A renewed sense of optimism that the worst of the financial crisis may be behind allowed the major indices to post a broad based rally. The rally was barely deterred by a second day of reports showing a worsening global employment picture. Friday’s release of the US nonfarm payroll and unemployment picture for March is expected to show a loss of jobs near 700,000 and unemployment ticking up to 8.5 %. It would appear that for the time being the markets are “expecting the employment new to be worse than expected”. How long this optimism and gains in equities last is likely to be dependent upon the severity of the next shoe that drops (commercial real estate, acceleration of declining home prices0 and how personally investors take the hit.
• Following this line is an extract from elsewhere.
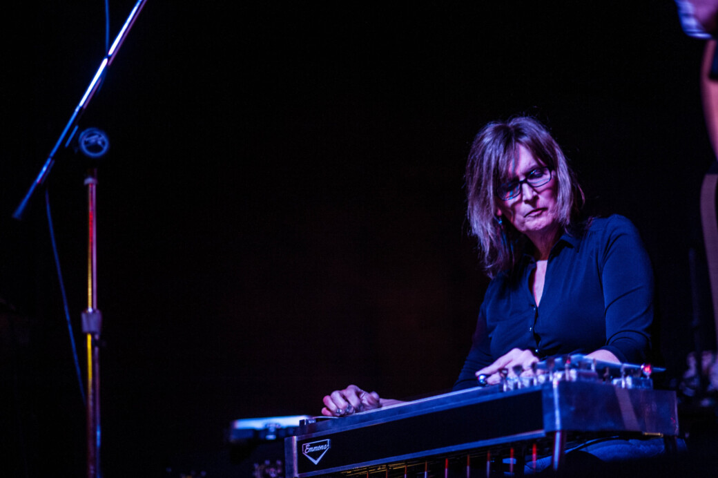 Also, we started to talk a little bit early on and she started to explain certain things about the instrument and about writing for the instrument and how different it really was. I didn’t really understand it; I think I was probably more exposed to slide guitar and lap steel and things like that. In my musical world, pedal steel didn’t exist that much, although I knew it from all those great introductions from country songs. Every time I would see her or hear her play, I was … blown away, not even totally understanding how she’s doing what she’s doing….

It would seem though that anything beyond the loss of individual’s home would not have the same shock value and therefore the notion that “the truth is out there” may offer an opportunity for equity markets to at least stabilize for a period of time.

Nearly every sector of equities rallied on the renewed optimism for the global economy. Energy and material stocks rallied on perceived increases in demand as well as a drop in the US dollar, which most commodities are priced in. Banking stocks rallied on the news regarding the relaxing of the mark to market accounting. Gaming stocks surged on rumors of a major buyout firm seeking to invest in the MGM Mirage/Dubai World City Center project in Las Vegas.

Technically, June Dow Futures closed right near its resistance level of 7950.
Should this level hold, the market should hit significant resistance at 8110.This level could pose a significantly overbought condition. A pullback from that resistance range should result in a gap fill to 7905. Significant support for the market should set up at 7595.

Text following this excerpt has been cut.